> _Instructions for the task_
Return the data below in full and exactly, except that the pictures are dropped.

--- Dataset excerpt ---

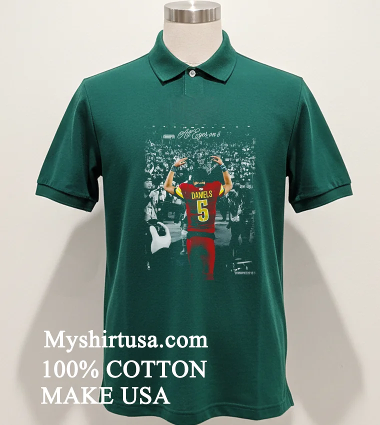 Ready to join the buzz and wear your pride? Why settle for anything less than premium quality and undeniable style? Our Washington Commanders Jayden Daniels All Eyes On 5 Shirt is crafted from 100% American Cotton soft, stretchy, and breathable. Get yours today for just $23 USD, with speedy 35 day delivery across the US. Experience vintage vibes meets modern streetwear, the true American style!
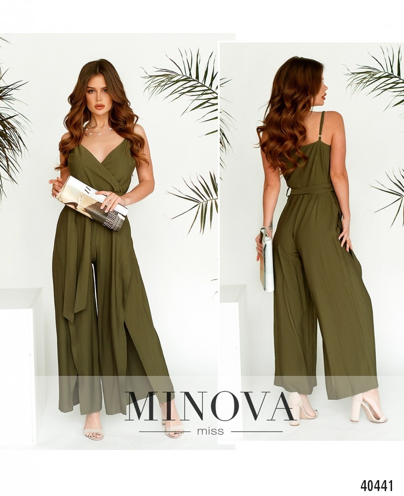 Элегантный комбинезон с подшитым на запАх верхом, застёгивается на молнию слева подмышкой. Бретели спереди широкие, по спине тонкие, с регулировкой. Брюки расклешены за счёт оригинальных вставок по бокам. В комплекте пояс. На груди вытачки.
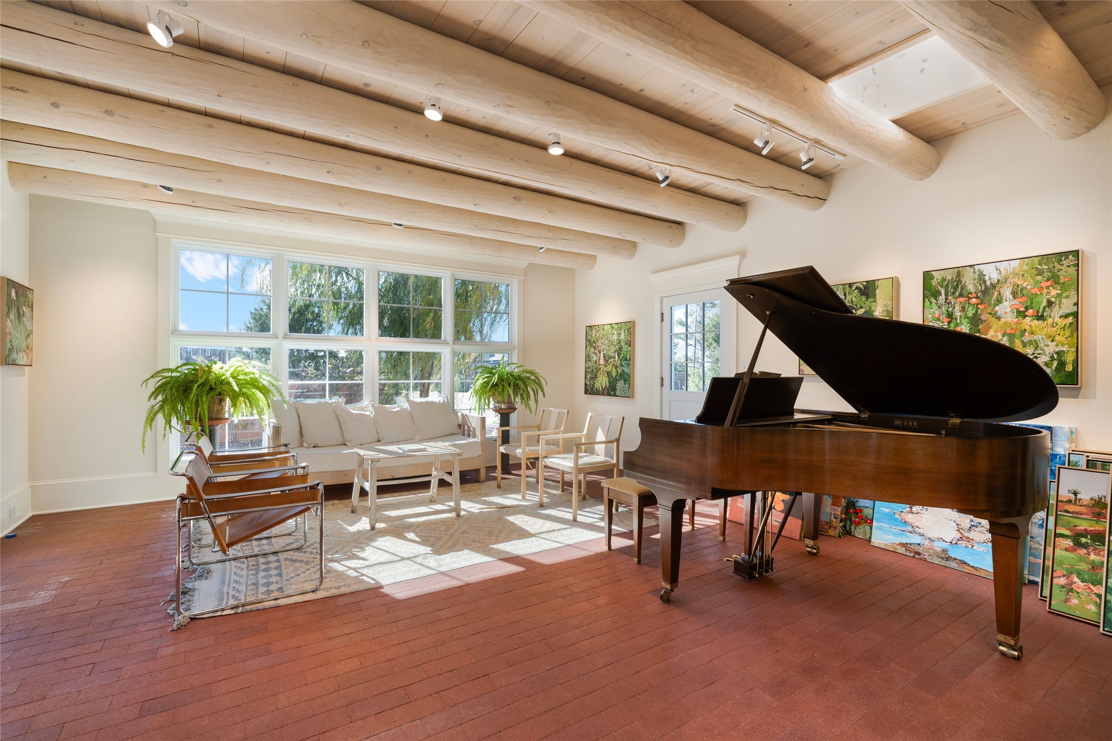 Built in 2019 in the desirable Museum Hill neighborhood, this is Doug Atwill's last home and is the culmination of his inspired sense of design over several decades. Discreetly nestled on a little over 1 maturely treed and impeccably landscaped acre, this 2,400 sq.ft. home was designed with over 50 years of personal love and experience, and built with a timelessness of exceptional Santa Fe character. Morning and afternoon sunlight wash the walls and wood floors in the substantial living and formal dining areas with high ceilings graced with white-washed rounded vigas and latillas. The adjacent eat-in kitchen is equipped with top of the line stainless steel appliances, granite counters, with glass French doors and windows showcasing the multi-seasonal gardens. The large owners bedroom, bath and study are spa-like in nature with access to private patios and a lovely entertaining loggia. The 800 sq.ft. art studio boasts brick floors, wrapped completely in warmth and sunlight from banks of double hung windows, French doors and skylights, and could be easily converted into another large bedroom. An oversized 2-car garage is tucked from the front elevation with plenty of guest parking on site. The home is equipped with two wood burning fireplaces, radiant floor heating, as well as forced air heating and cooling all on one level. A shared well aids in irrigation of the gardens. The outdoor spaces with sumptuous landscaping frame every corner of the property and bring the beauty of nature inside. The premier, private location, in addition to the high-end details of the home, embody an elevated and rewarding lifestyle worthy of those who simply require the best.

---

> _Task answer_
 Ready to join the buzz and wear your pride? Why settle for anything less than premium quality and undeniable style? Our Washington Commanders Jayden Daniels All Eyes On 5 Shirt is crafted from 100% American Cotton soft, stretchy, and breathable. Get yours today for just $23 USD, with speedy 35 day delivery across the US. Experience vintage vibes meets modern streetwear, the true American style!
 Элегантный комбинезон с подшитым на запАх верхом, застёгивается на молнию слева подмышкой. Бретели спереди широкие, по спине тонкие, с регулировкой. Брюки расклешены за счёт оригинальных вставок по бокам. В комплекте пояс. На груди вытачки.
 Built in 2019 in the desirable Museum Hill neighborhood, this is Doug Atwill's last home and is the culmination of his inspired sense of design over several decades. Discreetly nestled on a little over 1 maturely treed and impeccably landscaped acre, this 2,400 sq.ft. home was designed with over 50 years of personal love and experience, and built with a timelessness of exceptional Santa Fe character. Morning and afternoon sunlight wash the walls and wood floors in the substantial living and formal dining areas with high ceilings graced with white-washed rounded vigas and latillas. The adjacent eat-in kitchen is equipped with top of the line stainless steel appliances, granite counters, with glass French doors and windows showcasing the multi-seasonal gardens. The large owners bedroom, bath and study are spa-like in nature with access to private patios and a lovely entertaining loggia. The 800 sq.ft. art studio boasts brick floors, wrapped completely in warmth and sunlight from banks of double hung windows, French doors and skylights, and could be easily converted into another large bedroom. An oversized 2-car garage is tucked from the front elevation with plenty of guest parking on site. The home is equipped with two wood burning fireplaces, radiant floor heating, as well as forced air heating and cooling all on one level. A shared well aids in irrigation of the gardens. The outdoor spaces with sumptuous landscaping frame every corner of the property and bring the beauty of nature inside. The premier, private location, in addition to the high-end details of the home, embody an elevated and rewarding lifestyle worthy of those who simply require the best.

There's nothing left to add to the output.